EXERCISE PROMPT – Copy every line of the records exactly, without including the images.

START TASK INPUTS

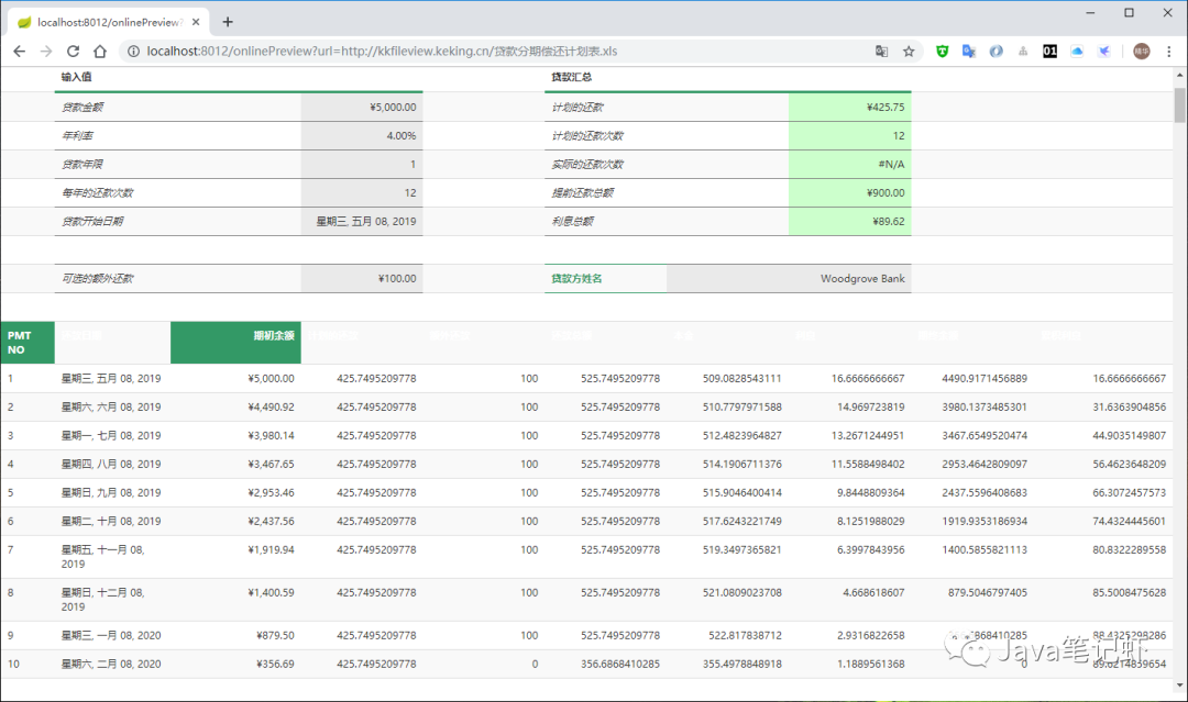 支持xls,xlsx文档预览,预览效果如下
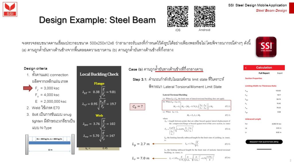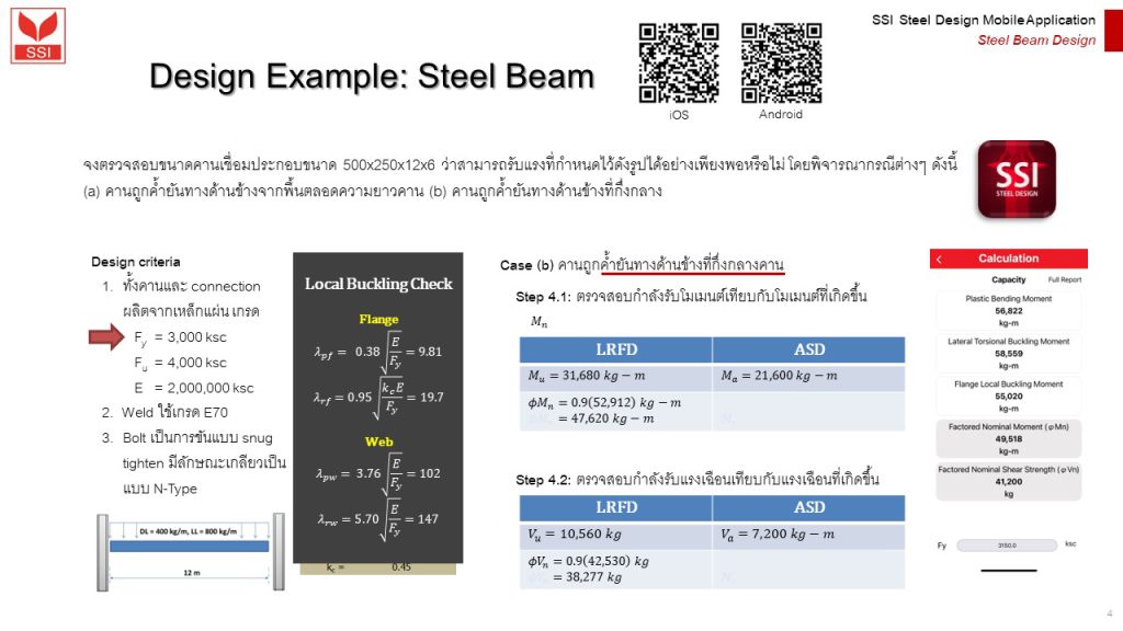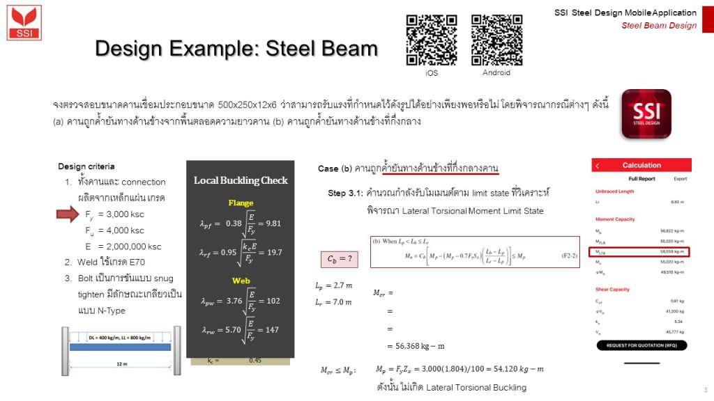 ทั้งนี้ได้มีการนำ SSI steel design mobile application มาคำนวณเปรียบเทียบกันให้ดู ซึ่งพบว่า ให้ผลที่ “ใกล้เคียง” กับการคำนวณมือ ทั้งนี้ ความแตกต่างที่เกิดขึ้น เป็นผลมาจาก Fy ที่แตกต่างกันเล็กน้อย (3,000 ksc ตาม hand calculation vs. 3,150 ksc ตาม mobile application)
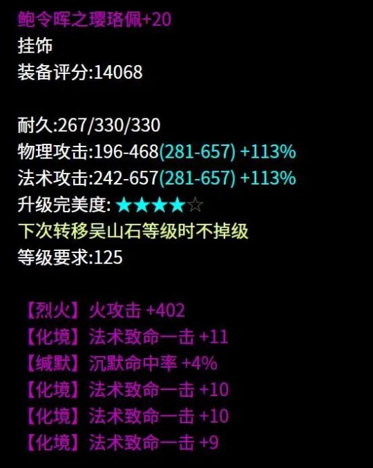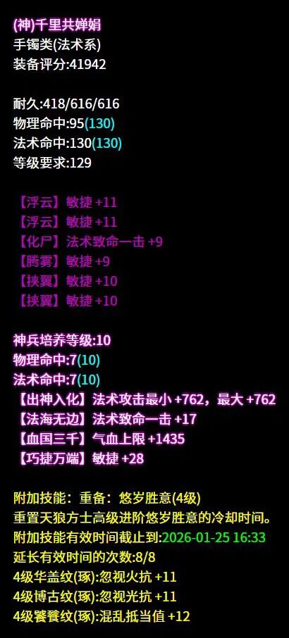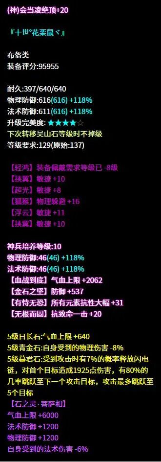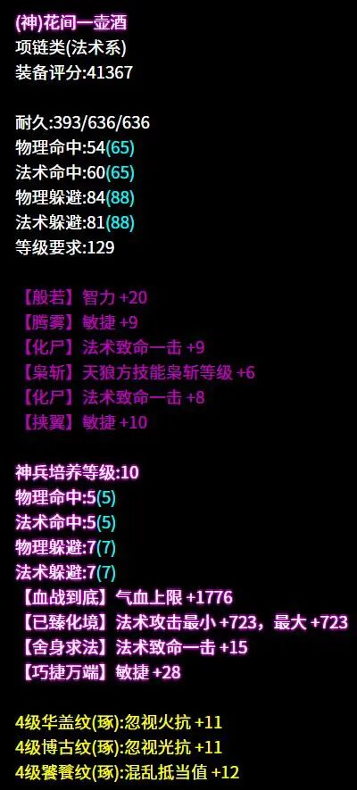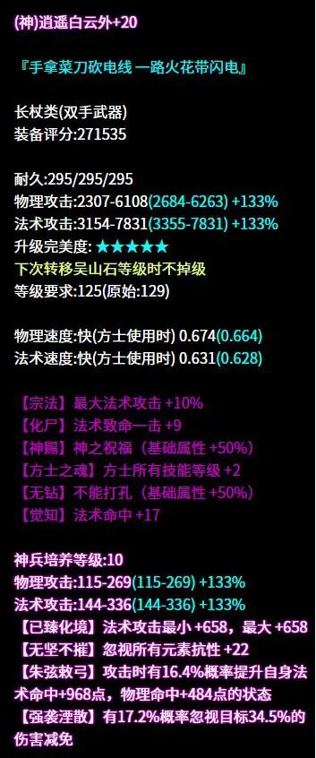 天尊真武坛·冬季赛正式拉开战幕 本届赛事依旧是大神辈出 来来往往全是能秒倩的少侠 今日随机向一位狼方少侠 想询问他的心仪战队 一看他全身的装备 好了,不用问了 少侠自己一个人就可以撑起一支战队 昵称:°九命猫ギ 职业:天狼方士 等级:129级 区服:[灵岛仙踪] 帮会:ぃ醉畫山河ミ (以下数据来源于更新于梦岛2026.1.8) 六绝双50+满最大+方士之魂 +法术命中+法术致命 凌晨四点,倩的邻居却一直在哭 礼貌敲门询问原因 原来是在关宁被大大揍了一顿 难受到晚上根本睡不着 六绝轻鸿+四敏+物躲的137布盔 冷知识:其实只看固定词条 我也完全无法赢过大大 乾坤袋你不必如此谨慎 七绝轻鸿+不修+双敏+双法躲 +混抗的137布甲 强者标配五级善根生加强防御 队友你们继续研究这个布甲吧 倩要去研究重力加速度了 六绝双敏+双法术致命 +智力+枭斩6的项链 犹记得跨年那天 不小心接了大大一招 晕过去醒来后 怎么莫名其妙就1月9号了 谁把我的时间还给我! 六绝轻鸿+四敏+法术命中的137手套 如果总有一个人能得到这个手套 那么这个人为什么不能是我呢 抱歉少侠,手套太耀眼了 暂时忽视了你的存在 你还要吗,不要给倩(试图做梦) 七绝神赐+四物躲的腰带 基础属性加强50%后 敌人面对少侠更加心如止水 不用再思考怎么打败少侠了 因为根本打不动 七绝轻鸿+五敏+法躲的137鞋 敏捷加强躲避与命中 侠许愿幸福 于是这双鞋子来到了侠的身边 六绝五敏+气血 对于少侠的乾坤袋来说 洗出高敏装备就是它的舒适区 求同款装备 如果没有的话,同款乾坤袋也行 六绝五敏+法术致命的戒指 冤有头债有主 如果少侠一定要找一个人针对 请针对我的队友吧 倩实在无法承受你的攻击 七绝轻鸿+五敏+混抗的137手镯 神说,诞生一个完美的装备吧 乾坤袋收到了这个信号 没有浪费任何一个词条位置 于是就有了我们看到的这个手镯 六绝五敏+法术致命 参观卢浮宫已经不觉得震撼 因为三界有更震撼的事物存在 比如这个高敏戒指 六绝四法术致命的挂饰 一代人有一代人的痛苦 我的痛苦就是 想在战场练习一下对战技巧 结果发现大大在对面 七绝四物躲+双法躲+晕抗 物理系别哭,你看法系也挺惨的 法系别哭,你看物理系也挺惨的 如果想获取幸福生活秘诀 那么就去成为大大的队友吧 这位129级的狼方少侠走的是暴力高敏流。武器方面双50满最大技能2的双手核武,打上五级大势至,输出非常可观。全身高敏带致命,配合枭斩6项链,几招下去,对手躺倒一片。 防具上整体高敏套,加强躲避,同时兼顾物躲与法躲词条,多件轻鸿137防具加强基础防御,不修衣服与神赐腰带更是非常亮眼,全身几乎没有废属性,生存空间拉满,更方便少侠打出成吨伤害。 [编辑:月光下完美]
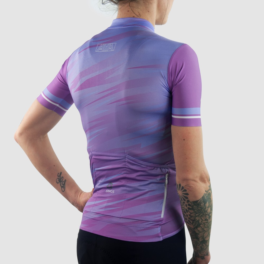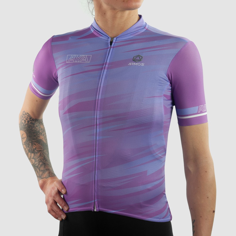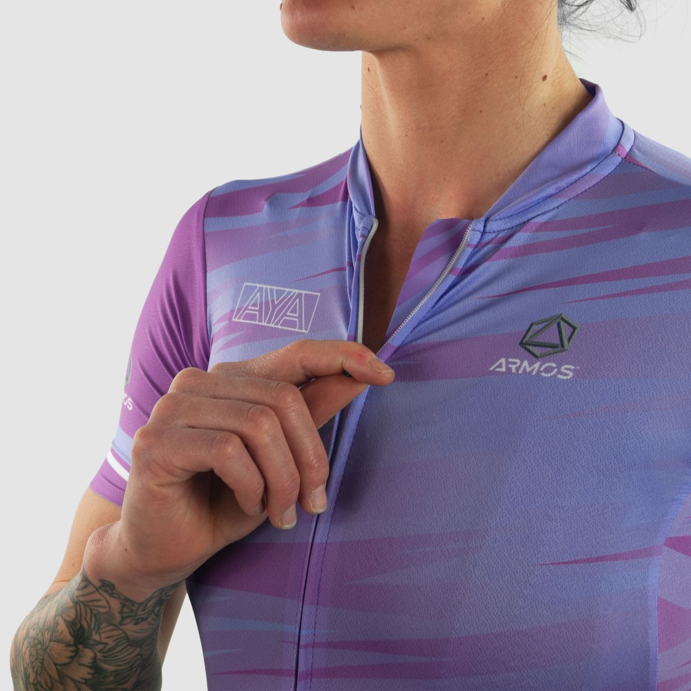 Little wonder of the French brand ARMOS, this jersey is dedicated to women cyclists who are looking for a curved and efficient product for summer outings. Its airy fabrics and sleeves with laser cut give a feeling of second skin to this swimsuit. Not having to blush vis à vis pro jerseys, this article was designed with sleeves a little shorter for your tan this summer. Ideal between 22 and 35 degrees, don’t hesitate to put on the kilometers with this superb very feminine jersey.
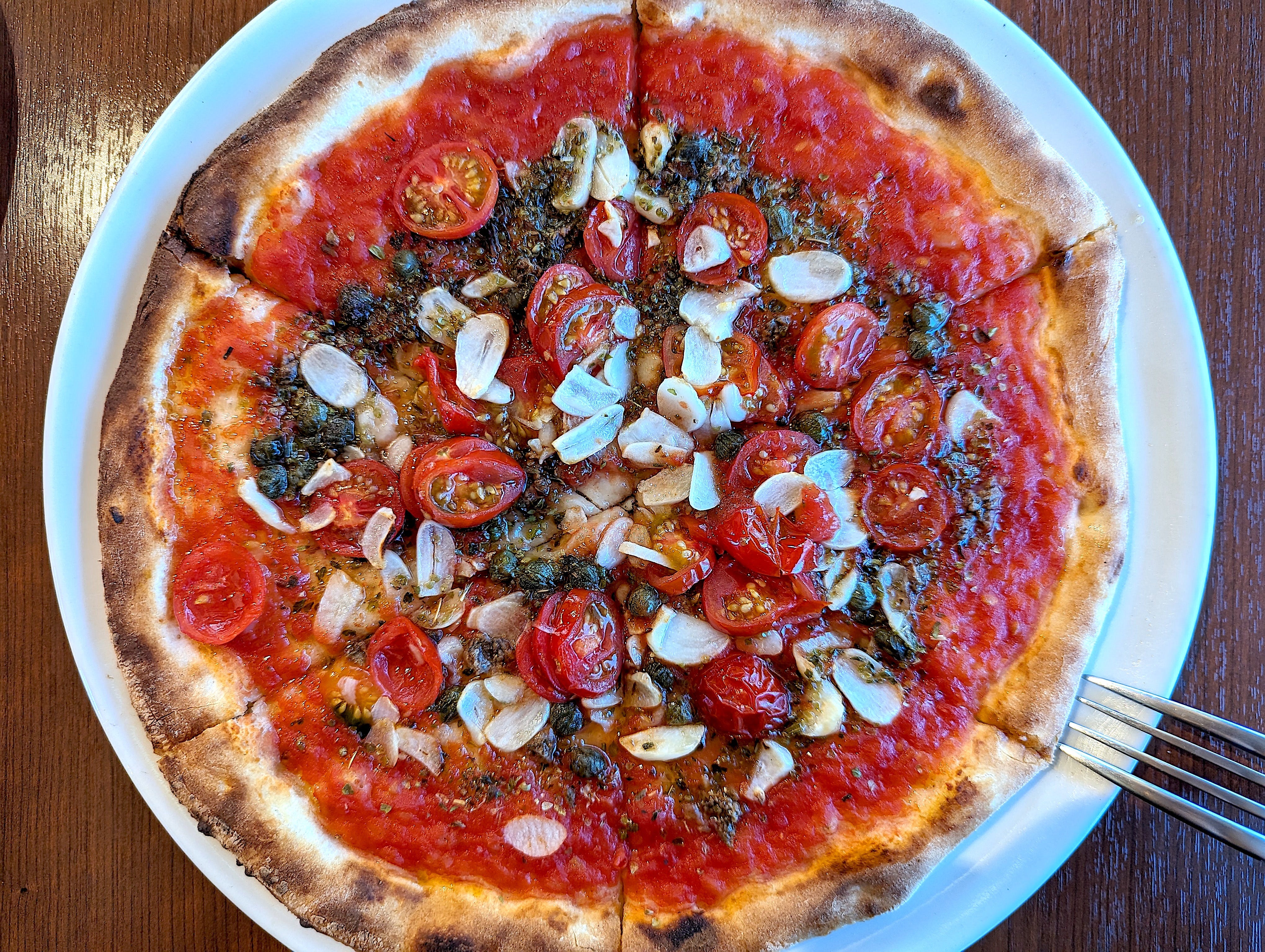 ナポリピッツァTASUKUというお店で食べたマリナーラ。とってもおいしくて妻もよろこんでいました。またピッツァを食べたくなったら訪れましょう。
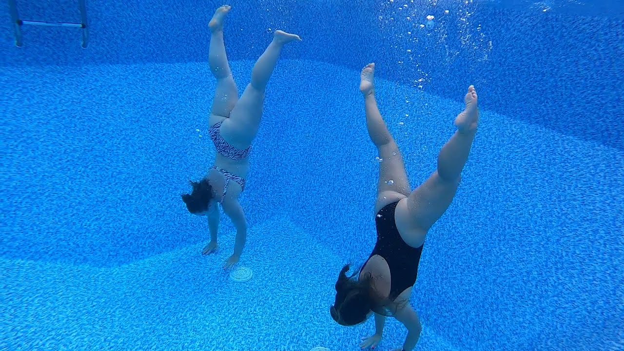 Shapely model entertains at the pool

END TASK INPUTS

SOLUTION TO THIS EXERCISE –
 支持xls,xlsx文档预览,预览效果如下
 ทั้งนี้ได้มีการนำ SSI steel design mobile application มาคำนวณเปรียบเทียบกันให้ดู ซึ่งพบว่า ให้ผลที่ “ใกล้เคียง” กับการคำนวณมือ ทั้งนี้ ความแตกต่างที่เกิดขึ้น เป็นผลมาจาก Fy ที่แตกต่างกันเล็กน้อย (3,000 ksc ตาม hand calculation vs. 3,150 ksc ตาม mobile application)
 天尊真武坛·冬季赛正式拉开战幕 本届赛事依旧是大神辈出 来来往往全是能秒倩的少侠 今日随机向一位狼方少侠 想询问他的心仪战队 一看他全身的装备 好了,不用问了 少侠自己一个人就可以撑起一支战队 昵称:°九命猫ギ 职业:天狼方士 等级:129级 区服:[灵岛仙踪] 帮会:ぃ醉畫山河ミ (以下数据来源于更新于梦岛2026.1.8) 六绝双50+满最大+方士之魂 +法术命中+法术致命 凌晨四点,倩的邻居却一直在哭 礼貌敲门询问原因 原来是在关宁被大大揍了一顿 难受到晚上根本睡不着 六绝轻鸿+四敏+物躲的137布盔 冷知识:其实只看固定词条 我也完全无法赢过大大 乾坤袋你不必如此谨慎 七绝轻鸿+不修+双敏+双法躲 +混抗的137布甲 强者标配五级善根生加强防御 队友你们继续研究这个布甲吧 倩要去研究重力加速度了 六绝双敏+双法术致命 +智力+枭斩6的项链 犹记得跨年那天 不小心接了大大一招 晕过去醒来后 怎么莫名其妙就1月9号了 谁把我的时间还给我! 六绝轻鸿+四敏+法术命中的137手套 如果总有一个人能得到这个手套 那么这个人为什么不能是我呢 抱歉少侠,手套太耀眼了 暂时忽视了你的存在 你还要吗,不要给倩(试图做梦) 七绝神赐+四物躲的腰带 基础属性加强50%后 敌人面对少侠更加心如止水 不用再思考怎么打败少侠了 因为根本打不动 七绝轻鸿+五敏+法躲的137鞋 敏捷加强躲避与命中 侠许愿幸福 于是这双鞋子来到了侠的身边 六绝五敏+气血 对于少侠的乾坤袋来说 洗出高敏装备就是它的舒适区 求同款装备 如果没有的话,同款乾坤袋也行 六绝五敏+法术致命的戒指 冤有头债有主 如果少侠一定要找一个人针对 请针对我的队友吧 倩实在无法承受你的攻击 七绝轻鸿+五敏+混抗的137手镯 神说,诞生一个完美的装备吧 乾坤袋收到了这个信号 没有浪费任何一个词条位置 于是就有了我们看到的这个手镯 六绝五敏+法术致命 参观卢浮宫已经不觉得震撼 因为三界有更震撼的事物存在 比如这个高敏戒指 六绝四法术致命的挂饰 一代人有一代人的痛苦 我的痛苦就是 想在战场练习一下对战技巧 结果发现大大在对面 七绝四物躲+双法躲+晕抗 物理系别哭,你看法系也挺惨的 法系别哭,你看物理系也挺惨的 如果想获取幸福生活秘诀 那么就去成为大大的队友吧 这位129级的狼方少侠走的是暴力高敏流。武器方面双50满最大技能2的双手核武,打上五级大势至,输出非常可观。全身高敏带致命,配合枭斩6项链,几招下去,对手躺倒一片。 防具上整体高敏套,加强躲避,同时兼顾物躲与法躲词条,多件轻鸿137防具加强基础防御,不修衣服与神赐腰带更是非常亮眼,全身几乎没有废属性,生存空间拉满,更方便少侠打出成吨伤害。 [编辑:月光下完美]
 Little wonder of the French brand ARMOS, this jersey is dedicated to women cyclists who are looking for a curved and efficient product for summer outings. Its airy fabrics and sleeves with laser cut give a feeling of second skin to this swimsuit. Not having to blush vis à vis pro jerseys, this article was designed with sleeves a little shorter for your tan this summer. Ideal between 22 and 35 degrees, don’t hesitate to put on the kilometers with this superb very feminine jersey.
 ナポリピッツァTASUKUというお店で食べたマリナーラ。とってもおいしくて妻もよろこんでいました。またピッツァを食べたくなったら訪れましょう。
 Shapely model entertains at the pool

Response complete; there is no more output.